In the 2002 midterm congressional elections, the Republicans regained control of the Senate. During the new 108th Congress, Senator Orrin Hatch, the new Republican chairman of the Senate Judiciary Committee, began to process previously blocked judicial nominees. California's two Democratic senators, Dianne Feinstein and Barbara Boxer, announced their opposition to Kuhl's nomination. Contrary to the blue slip system, Hatch gave Kuhl a hearing and passed her out of committee.

Kuhl's nomination was filibustered on November 14, 2003, when the Senate failed to end debate with a 53–43 cloture vote, which fell seven votes shy of the 60 needed to overcome the filibuster. In December 2004, Kuhl withdrew her nomination. In 2006, new Bush nominee Sandra Segal Ikuta was confirmed to the seat to which Kuhl had originally been nominated.

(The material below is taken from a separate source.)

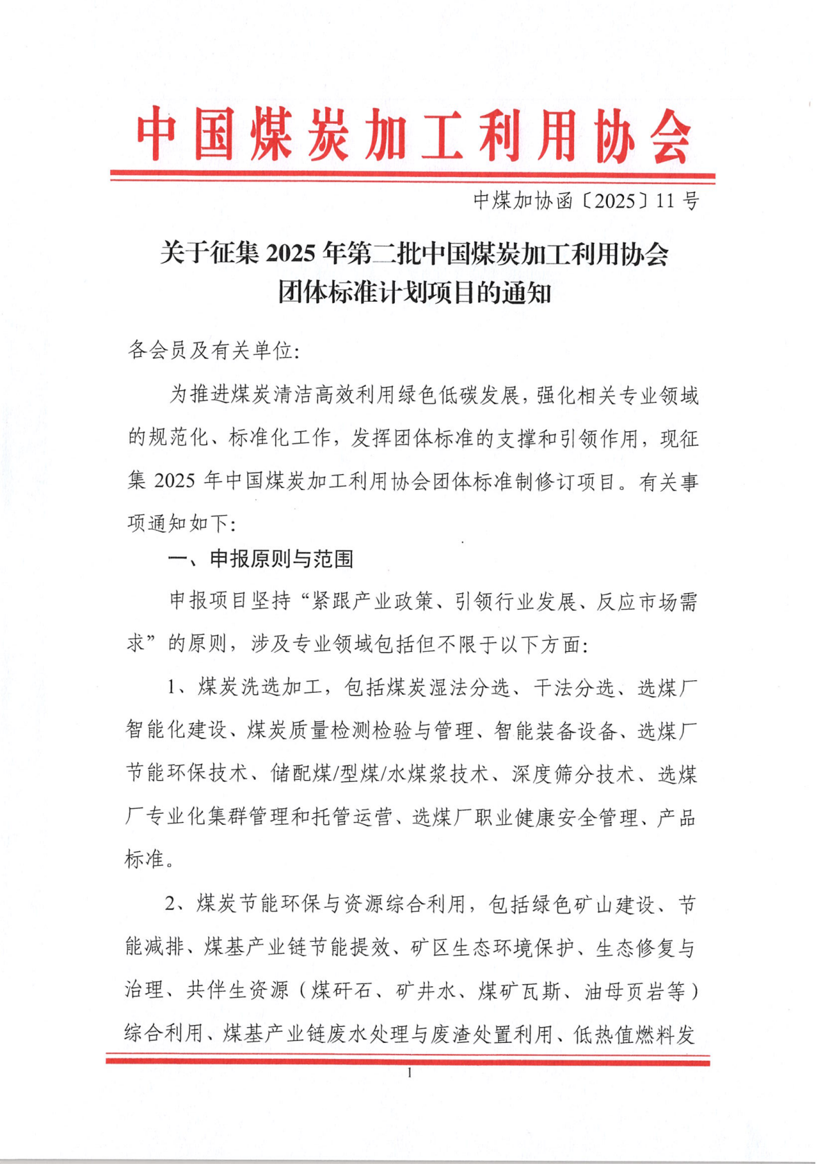 关于征集2025年第二批中国煤炭加工利用协会团体标准计划项目的通知

=== California judiciary ===
On May 26, 2006, Chief Justice Ronald M. George of the California Supreme Court appointed Kuhl to the Judicial Council of California, the constitutional policy-making body of the California courts. Kuhl has also served as a member of the Advisory Committee on Civil Jury Instructions and Collaborative Court-County Working Group on Enhanced Collections. Additionally, she was a member of the Governing Committee for the Center for Judicial Education and Research (CJER).

In October 2012, Kuhl was elected to the post of assistant presiding judge of the court for 2013 and 2014, defeating Judge Dan T. Oki. By court tradition, she served her two-year term as assistant presiding judge and then ran unopposed for the post of presiding judge for 2015 and 2016.

In 1995, Kuhl became a judge on the Superior Court of California for the County of Los Angeles. In 2026, Kuhl presided over K.G.M. v. Meta et al., which has been described as a bellwether trial for personal injury claims against social media companies.

=== Law reform work ===
Kuhl was elected to the American Law Institute in October 1988 and was elected to the ALI Council in May 2012. She served as an Adviser on the Principles of the Law of Aggregate Litigation project, and continues to serve as an Adviser on Principles of Government Ethics and the Restatement Third, the Law of Consumer Contracts.

==Personal life==
Kuhl lives with her two daughters and her husband, William Highberger, who is also a judge on the Los Angeles County Superior Court.